Definition 1 (Pullback of a linear map) Let $V,W$ be finite dimensional real vector spaces, $F : V → W$ be a linear map. Then for every $k$ positive integer we define the pullback of $F$ as $$ F^* : \mathcal{T}^k(W^*) \to \mathcal{T}^k(V^*) \quad \quad (F^*T)(v_1, \dots, v_k) = T(F(v_1), \dots, F(v_k)) $$ for any $v_1, \dots, v_k \in V$. Here $\mathcal{T}^k(W^*)$ is the space of $k$-covariant tensors on $W$.

Theorem 1.13 Let $V$ be a $n$-dimensional real vector space, $F : V → V$ be a linear map and let $T \in 􏰁\Lambda^n(V^*)$ (the space of $n$-covariant alternating tensors on $V$). Then $F^*T = (\det A)T$ , where $A$ is any matrix representing $F$ .

Definition 2(Pullback of a tensor field) Let $M, N$ be smooth manifolds, $f : M \to N$ be a differentiable map. Then, each differentiable $k$-covariant tensor field $T$ on $N$ defines a $k$-covariant tensor field $f^*T$ on $M$ in the following way: $$ (f^*T)_p(v_1,...,v_k) = T_{f(p)}((df)_p(v_1),...,(df)_p(v_k)) $$ for any $ v_1, \dots,v_k \in T_pM$.

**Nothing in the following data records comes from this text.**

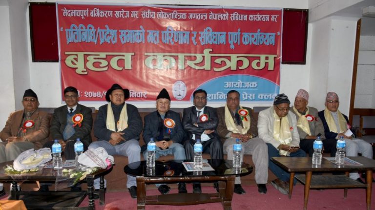 दिशानिर्देश प्रेस क्लबले आज यहाँ आयोजना गरेको ‘भेदभावपूर्ण वर्गीकरण खारेज गर, लोकतान्त्रिक गणतन्त्र नेपालको संविधान कार्यान्वयन गर’ नाराका साथ ‘प्रतिनिधिसभा तथा प्रदेशसभाको मत परिणाम र संविधानको पूर्ण कार्यान्वयन’ विषयक कार्यक्रममा प्रमुख निर्वाचन आयुक्त डा अयोधीप्रसाद यादवले संविधानको आधारमा निर्वाचन गरेर संविधान कार्यान्वयनको थालनी गरेको बताउनुभयो ।
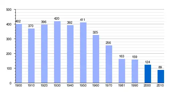 Gráfica de evolución demográfica de Villovieco entre 1900 y 2010 |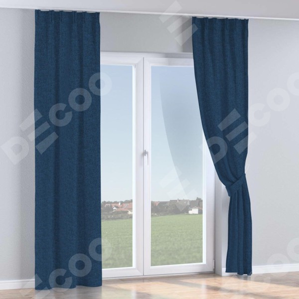 Комплект прямых штор, от производителя «Cortin», пошиты из ткани лён кашемир тёмно-синий, артикул ткани 17215. С изнаночной стороны в верхней части штор пристрачивается шторная лента с декоративными складками «Кустик». Для создания элегантных складок прямые шторы шьются по стандарту с коэффициентом 1:2 (на 100 см. ширины проёма 200 см. ширины ткани).
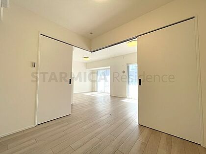 リビング隣の約4.6帖洋室は、引き戸を開けてリビングの一部として使ったりしても◎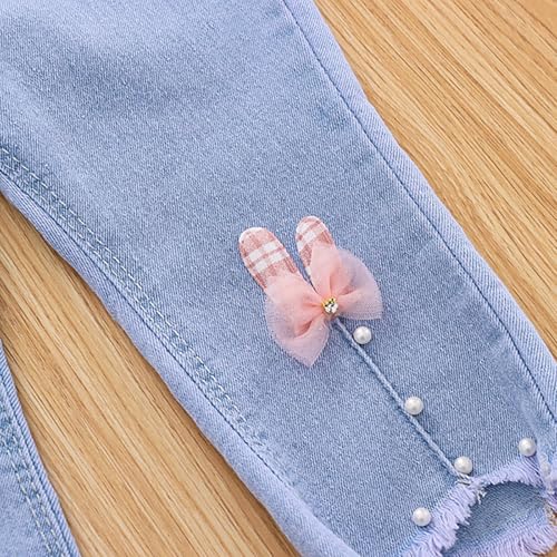 HOT ! Flared Jeans for Kids Girls Baggy Elastic Waist Bow Pearl 𝗥aw 𝗛em Denim Pants Casual Lightweight Trousers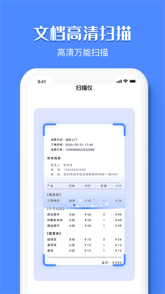 2、支持文档识别,表格、word文档、照片识别等都可以一键识别扫描。

Then this last definition applies also to a differential form (being it a $k$-covariant differentiable alternating tensor field).

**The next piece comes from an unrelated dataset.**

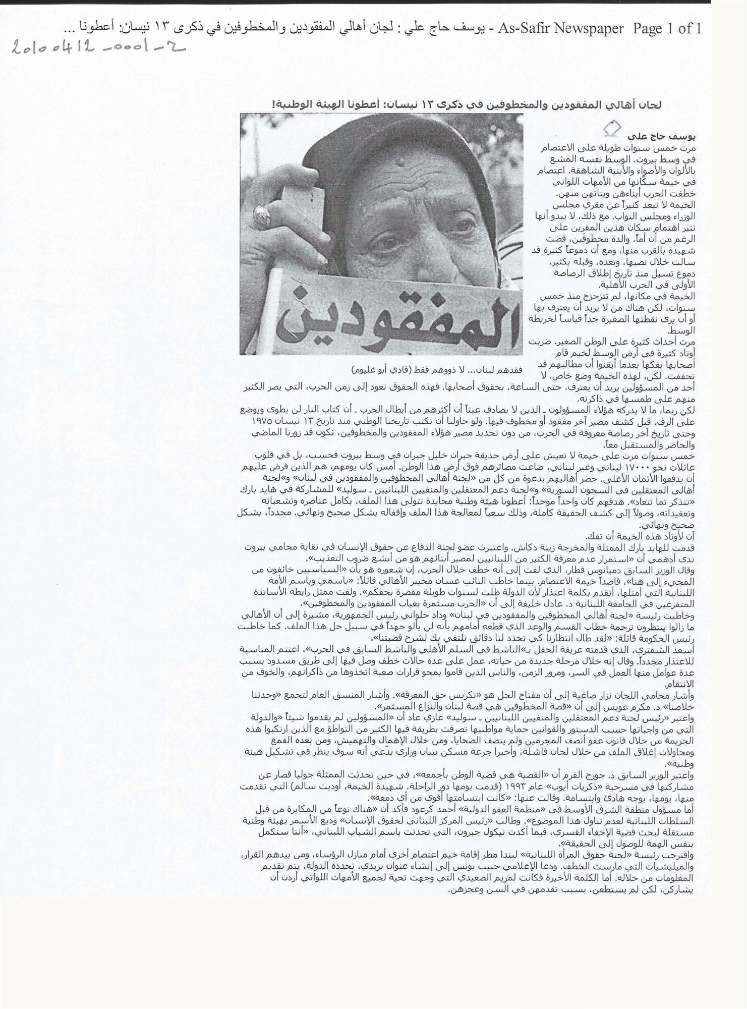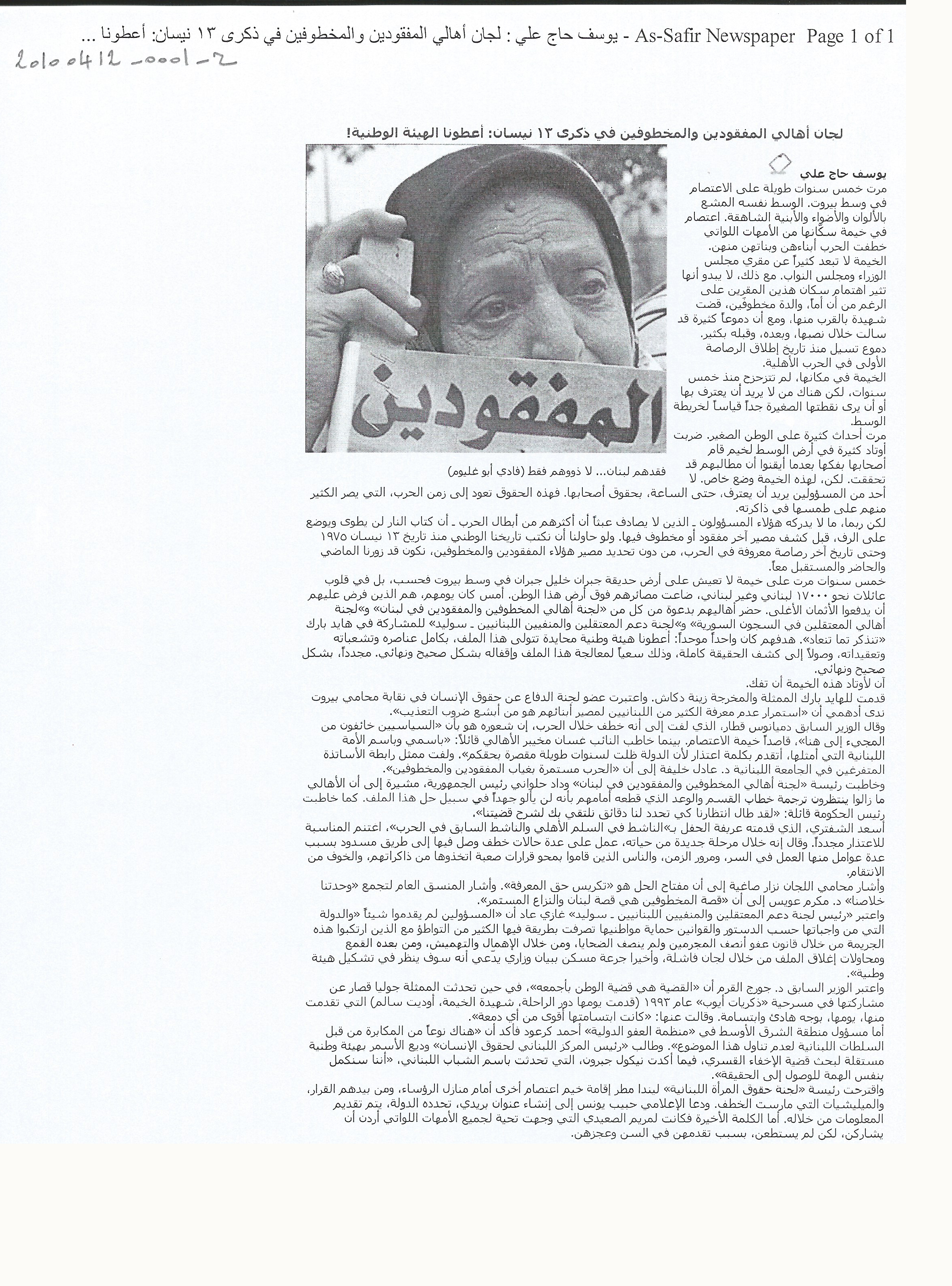 لجان اهالي المخطوفين والمفقودين في ذكرى 13 نيسان: اعطونا الهيئة الوطنية

What I can't understand is the following remark at page 73 :

Let $M,N$ be smooth manifolds and let $f: M \to N$ be a differentiable map s.t. $\dim(M)=\dim(N)=n$. Let $p \in M$ and consider a coordinate systems $x = (x^1, \dots, x^n)$ around $p$ s.t. $x: V \to \mathbb{R}^n$ and $y=(y^1, \dots, y^n)$ around $f(p)$ s.t. $y: W \to \mathbb{R}^n$. Let $\hat{f}:= y \circ f \circ x^{-1}$ be the local representation of $f$. Then from Theorem 1.13 : $$(f^*(dy^1 \wedge \dots \wedge dy^n))_p = \det(d \hat{f})_{x(p)}(dx^1\wedge \dots \wedge dx^n)_p$$

How can I apply Theorem 1.13 in this situation? I mean, "translating" Definition 2 into Definition 1, I have the pullback of the linear map $dF_p : T_pM \to T_{f(p)}N$ applied to the element $dy^1 \wedge \dots \wedge dy^n$ of $\Lambda^n(T_{f(p)}N^*)$. But those vector spaces are not the same (as in the hypothesis of the Theorem)!

Edit

I think it can be fixed in this way:

Let $I_1 : \mathbb{R}^n \to T_pM$ and $I_2 : \mathbb{R}^n \to T_{f(p)}N$ be two isomorphisms s.t.: $$ I_1(e^i) = \frac{\partial}{\partial x^i} \quad \quad I_2(e^i) = \frac{\partial}{\partial y^i} \quad \forall \, i = 1, \dots, n $$ where $ \{ e^1, \dots, e^n \}$ is the standard basis of $\mathbb{R}^n$.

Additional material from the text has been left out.